9. Run the `Build docs` workflow in `airflow-site` repository to make sure that Fastly cache of the
https://airflow.apache.org or https://airflow.staged.apache.org/ invalidated. Use `main` to rebuild site
for `live` site and `staging` to rebuild the `staging` site:
![Build docs](images/build-docs.png)
## Manually publishing documentation directly to S3
The regular publishing workflows involve running a GitHub Actions workflow, and they cover the majority of cases.
However, sometimes, some manual updates and cherry-picks are needed, when we discover problems with the
publishing and doc building code - for example, when we find that we need to fix extensions to sphinx.
In such a case, the release manager or a committer can build and publish documentation locally - providing that
they configure AWS credentials to be able to upload files to S3. You can ask in
the #internal-airflow-ci-cd channel on Airflow Slack to get your AWS credentials configured.
You can checkout locally a version of airflow repo that you need and apply any cherry-picks you need before
running publishing.
This is done using breeze. You also need to have AWS CLI installed and configured credentials to be able
to upload files to S3. You can get credentials from one of the admins of Airflow's AWS account. The
region to set for AWS is `us-east-2`.
Note that it is advised to add `--dry-run` if you just want to see what would happen. Also, you can use
the `s3://staging-docs-airflow-apache-org/docs/` bucket to test the publishing using staging site.
```bash
breeze build-docs "<package_id1>" "<package_id2>" --docs-only
mkdir /tmp/airflow-site
breeze release-management publish-docs --override-versioned --airflow-site-directory /tmp/airflow-site
breeze release-management publish-docs-to-s3 --source-dir-path /tmp/airflow-site/docs-archive \
--destination-location s3://live-docs-airflow-apache-org/docs/ --stable-versions \
--exclude-docs "<package_id1_to_exclude> <package_id2_to_exclude>" [--dry-run]
```
## Manually publishing documentation via `apache-airflow-site-archive` repo
If you do not have S3 credentials and want to be careful about publishing the documentation, you can also
use publishing via `apache-airflow-site-archive` repository. This is a little more complex, but it allows
you to publish documentation without having S3 credentials.
The process is as follows:
1. Run `Sync s3 to GitHub` workflow in `apache-airflow-site-archive` repository. This will download the
latest version of the documentation from S3 to `airflow-site-archive` repository (this should normally not
be needed, if automated synchronization works).
2. Checkout the `apache-airflow-site-archive` repository and create a branch for your changes.

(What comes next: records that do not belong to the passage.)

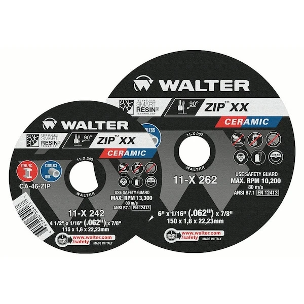 Achieve the ultimate gain in productivity and comfort with the new ZIP XX cut-off wheel. Made with a unique ceramic grain and WALTER’s new SMART RESIN technology, it provides the most cuts without compromising on speed & safety. Not only does it cut up to 10% faster than aluminum oxide wheels, it lasts at least 30% longer than competitive ceramic wheels. Use ZIP XX to increase productivity and reduce your overall cost.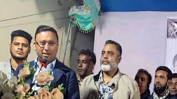 জুলাই গণআন্দোলনে নিহত পঙ্কজ কুমার কর-এর পিতা নিখিল চন্দ্র করের উপস্থিতি সভায় আবেগঘন পরিবেশ তৈরি করে।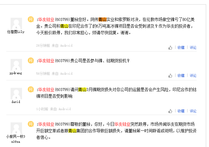 多位华友钴业投资者在互动平台提问与青山控股关系 董秘暂未回应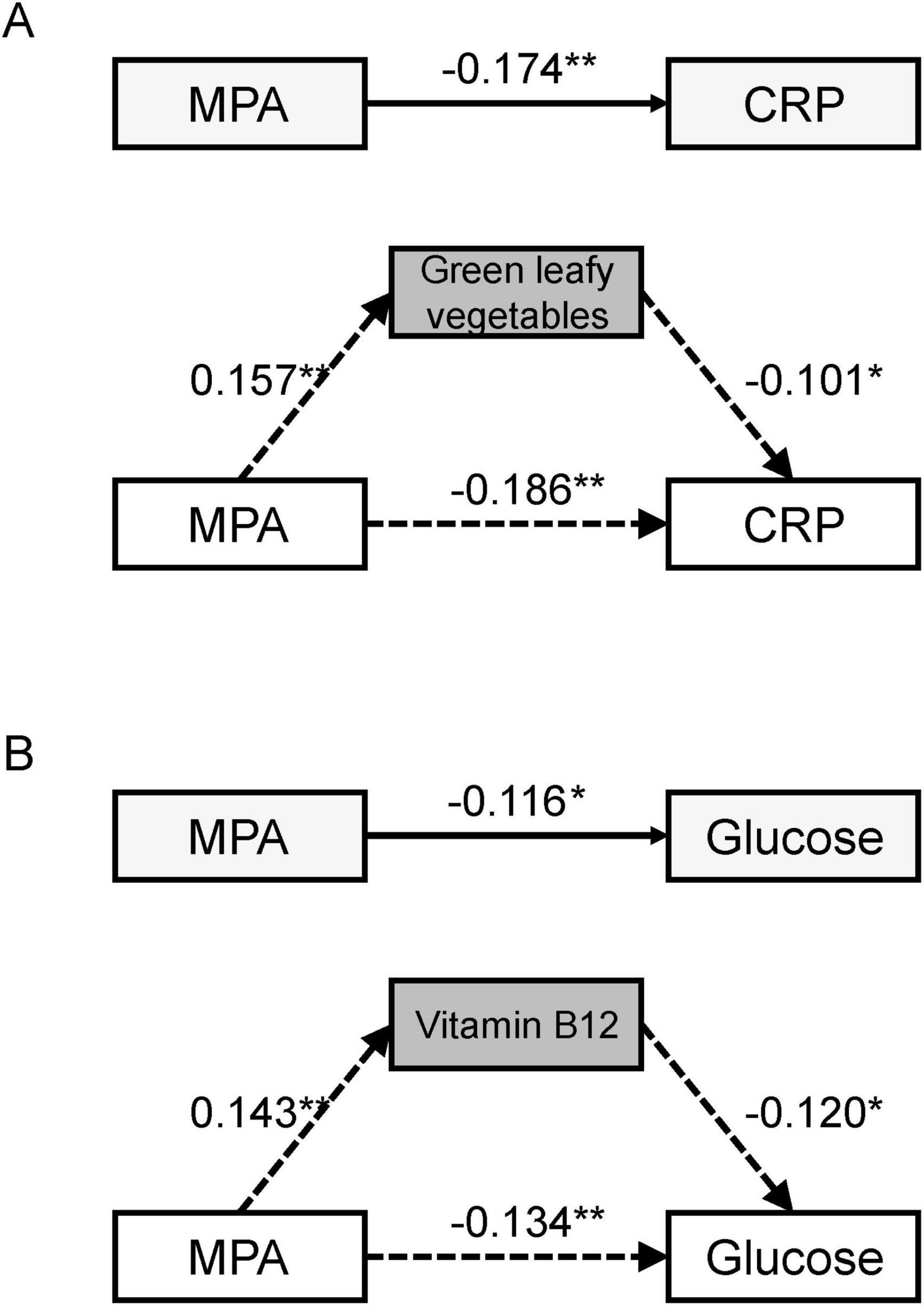 Figure 2. The mediation model of diet mediating the effects of physical activity on biomarkers. (A) Significant mediating effects between MPA, dietary habits and CRP. (B) Significant mediating effects between MPA, nutrient intake and glucose. MPA, moderate - intensity physical activity; CRP, C - reactive protein. *P < 0.05, **P < 0.01.

3. Build documentation locally in `apache-airflow` repo with any cherry-picks and modifications you need, and
publish the docs to the checked out `airflow-site-archive` branch.
```bash
breeze build-docs "<package_id1>" "<package_id2>" --docs-only
breeze release-management publish-docs --override-versioned --airflow-site-directory <PATH_TO_THE_ARCHIVE_REPO>
```
4. Commit the changes to `apache-airflow-site-archive` repository and push them to `some` branch of the
repository.
5. Run `Sync GitHub to S3` workflow in `apache-airflow-site-archive` repository. This will upload the modified
documentation to S3 bucket. You can choose whether to sync the changes to `live` or `staging` bucket.
The default is `live`. You can also specify which folders to sync - by default, all modified folders are synced.
6. After you synchronize the changes to S3, the Sync `S3 to GitHub` workflow will be triggered
automatically and the changes will be synchronized to `airflow-site-archive` `main` branch - so there
is no need to merge your changes to `main` branch of `airflow-site-archive` repository. You can safely
delete the branch you created in step 2.